Specialized zipper code:

template <typename T>
struct iterator_extractor { typedef typename T::iterator type; };

template <typename T>
struct iterator_extractor<T const> { typedef typename T::const_iterator type; };


template <typename T>
class Indexer {
public:
    class iterator {
        typedef typename iterator_extractor<T>::type inner_iterator;

        typedef typename std::iterator_traits<inner_iterator>::reference inner_reference;
    public:
        typedef std::pair<size_t, inner_reference> reference;

        iterator(inner_iterator it): _pos(0), _it(it) {}

        reference operator*() const { return reference(_pos, *_it); }

        iterator& operator++() { ++_pos; ++_it; return *this; }
        iterator operator++(int) { iterator tmp(*this); ++*this; return tmp; }

        bool operator==(iterator const& it) const { return _it == it._it; }
        bool operator!=(iterator const& it) const { return !(*this == it); }

    private:
        size_t _pos;
        inner_iterator _it;
    };

    Indexer(T& t): _container(t) {}

    iterator begin() const { return iterator(_container.begin()); }
    iterator end() const { return iterator(_container.end()); }

private:
    T& _container;
}; // class Indexer

template <typename T>
Indexer<T> index(T& t) { return Indexer<T>(t); }

And using it:

#include <iostream>
#include <iterator>
#include <limits>
#include <vector>

// Zipper code here

int main() {
    std::vector<int> v{1, 2, 3, 4, 5, 6, 7, 8, 9};

    for (auto p: index(v)) {
        std::cout << p.first << ": " << p.second << "\n";
    }
}

You can see it at ideone, though it lacks the for-range loop support so it’s less pretty.

EDIT:

Just remembered that I should check Boost.Range more often. Unfortunately no zip range, but I did found a pearl: boost::adaptors::indexed. However it requires access to the iterator to pull of the index. Shame 😡

Otherwise with the counting_range and a generic zip I am sure it could be possible to do something interesting…
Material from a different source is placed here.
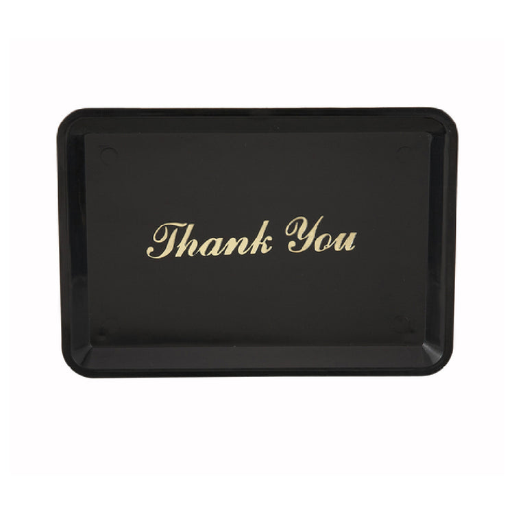 The Winco TT-46 Tip Tray 4-1/2" x 6-1/2" Rectangular is a precision-crafted accessory designed to enhance service efficiency across various hospitality sectors. With dimensions of 4-1/2 inches by 6-1/2 inches, this tip tray offers ample space for presenting checks and gratuities in a professional manner. Crafted from durable plastic, it combines longevity with practicality, making it an ideal choice for high-traffic environments such as restaurants, cafes, and bars. The sleek black finish adds a touch of elegance, while the gold imprint - "Thank You" - delivers a courteous message to patrons, reinforcing customer satisfaction and appreciation. Its lightweight construction allows for ease of handling, optimizing service speed and efficiency. The Winco TT-46 is more than just a tip tray; it is a subtle yet impactful tool that contributes to the overall dining experience, reflecting a commitment to quality and detail that diners will appreciate. This tip tray seamlessly integrates into any tabletop setting, enhancing both aesthetic appeal and functional utility for industry professionals who value reliable and aesthetically pleasing service accessories.
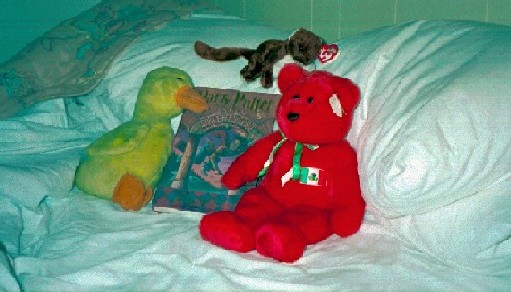 This is the stuffed duck I brought to Roche Harbor. I got the weasel and the bear in Roche Harbor. Actually, the bear is my mom's. While I was in Roche Harbor I read part of the first Harry Potter book.

In the ideal world I would imagine:

int main() {
    std::vector<int> v{1, 2, 3, 4, 5, 6, 7, 8, 9};

    for (auto tuple: zip(iota(0), v)) {
        std::cout << tuple.at<0>() << ": " << tuple.at<1>() << "\n";
    }
}

With zip automatically creating a view as a range of tuples of references and iota(0) simply creating a “false” range that starts from 0 and just counts toward infinity (or well, the maximum of its type…).